Related Work & Insights¶
- Human Preference Models: From CLIPScore and PickScore to HPSv3 (MLLM backbone + uncertainty ranking), this work follows the trend of MLLM-based evaluation but addresses the lack of multi-dimensionality and localization.
- Multidimensional Evaluation: Following RichHF and HELM, ImageDoctor adds reasoning paradigms and dense reward loops.
- Architecture Inspiration: The heatmap decoder leverages the SAM mask decoder; dense likelihood ratios utilize stabilization techniques from GSPO-token.
- Insight: Transitioning evaluators from "scalar referees" to "explainable diagnostic sources" provides significant value for any generative task requiring RLHF (video, 3D, audio)—dense supervision of "where it is bad" is more effective than "overall scoring" for driving local refinement.
Rating¶
- Novelty: ⭐⭐⭐⭐ — While multi-dimensional scoring exists (RichHF), the combination of look-think-predict, task token decoders, and DenseFlow-GRPO dense rewards creates a high-innovation closed-loop system.
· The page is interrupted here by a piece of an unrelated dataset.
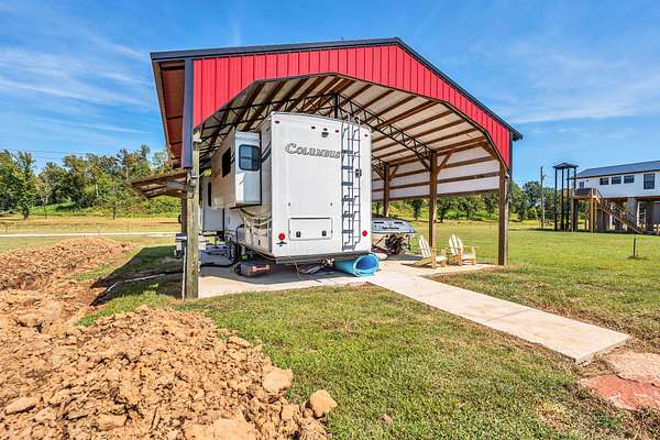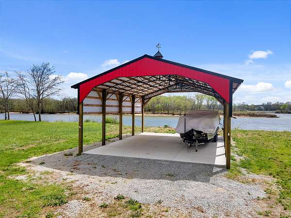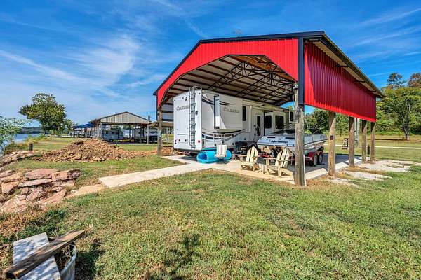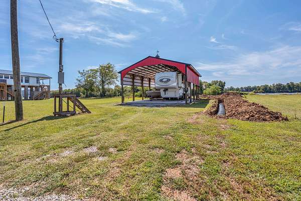 Est $942/moAcross from Beech Creek Island. Almost a half acre with 30x40 pole barn. Barn built with 8x8 posts and metal truses featuring 2 coup-alas is ready and waiting for your motorhome. Septic is in. Water is available. Concrete pad is 6" thick with extra rebar. Floating dock in place !

- Experimental Thoroughness: ⭐⭐⭐⭐ — Comprehensive validation across three datasets, zero-shot generalization, detailed ablations, and two downstream applications (verifier/reward). Only lacking backbone scaling and more generation paradigms.
- Writing Quality: ⭐⭐⭐⭐ — The "doctor diagnosis" analogy is consistent, charts are clear, and the transition from motivation to method is logical.
- Value: ⭐⭐⭐⭐ — Explainable evaluators + dense rewards provide a 10% gain for T2I RLHF with low training costs (4×MI250), making it highly practical and replicable.